Литмир - Электронная Библиотека
A
A

Внутри дома царил хаос. Аменмес сидел скрестив ноги на низеньком столике, словно маленький царь, молотя сжатым кулаком в такт какой-то мелодии, игравшей в его жизнерадостной голове, и молоко из чашки выплескивалось на пол, откуда его слизывали другие кошки. Девочки, занятые приготовлениями, бегали взад-вперед. Они едва заметили мое появление. «Доброе утро!» — крикнул я, и они хором ответили чем-то наподобие приветствия. Танеферет, проходя мимо, коротко чмокнула меня в щеку. Мне ничего не оставалось, как усесться за стол рядом с сыном, который мгновение разглядывал меня с легким любопытством, словно никогда не встречал прежде. Затем он внезапно одарил меня широкой приветливой улыбкой и продолжал стучать по тарелке, чтобы показать мне, как здорово он умеет это делать. Он — золотое дитя, которого мы не ожидали, предмет удивления и восхищения в мои зрелые годы. В своем возрасте он все еще верит всему, что я ему говорю, поэтому я говорю ему только самое хорошее. Разумеется, он не понимает ни слова. Я попытался его развлечь, угостив молоком, и, словно делая одолжение по особому случаю, он важно выпил.

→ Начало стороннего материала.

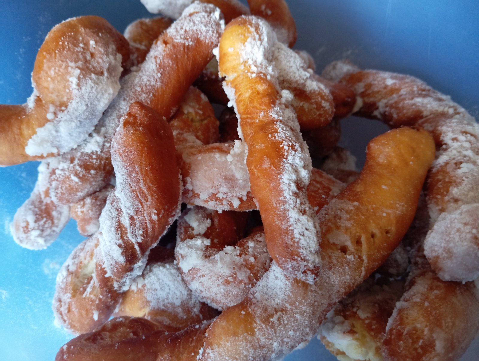 Ráno s krouťákama...jsou to vlastně suché koblížky z kynutého těsta ( těsto klidně na buchty, vánočku). U nás jsou žádané.
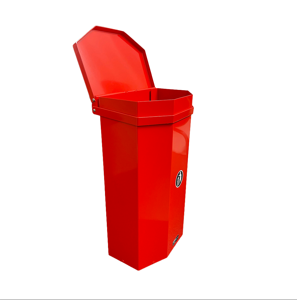Denna papperskorg kallas hos andra leverantörer för papperskorg tilt samt papperskorg rosen. Denna papperskorg för utomhusbruk finns även i en modell som rymmer 60 liter. Perfekt för platser med mycket trafik.

Глядя на сына, я думал о мертвом мальчике и его переломанных костях; его гротескный образ бросил внезапную тень на мою жизнь. То, что его убили подобным образом именно в день праздника, не могло быть совпадением. Также ни в коей мере не могло быть совпадением то, что физические недостатки жертвы наводили на мысли о неполноценности молодого царя. Хотя, разумеется, никто не осмеливается публично упоминать о недугах Тутанхамона — о его предполагаемых недугах, — по слухам, царь был далек от совершенства в своем земном теле. Но поскольку он редко показывается на людях — и даже в таких случаях всегда едет в колеснице или сидит на троне, — никто не может сказать наверняка, какая истина скрывается за всем этим. Однако общеизвестно, что он ни разу не воспользовался властью по своему усмотрению, несмотря на то, что уже достиг совершеннолетия.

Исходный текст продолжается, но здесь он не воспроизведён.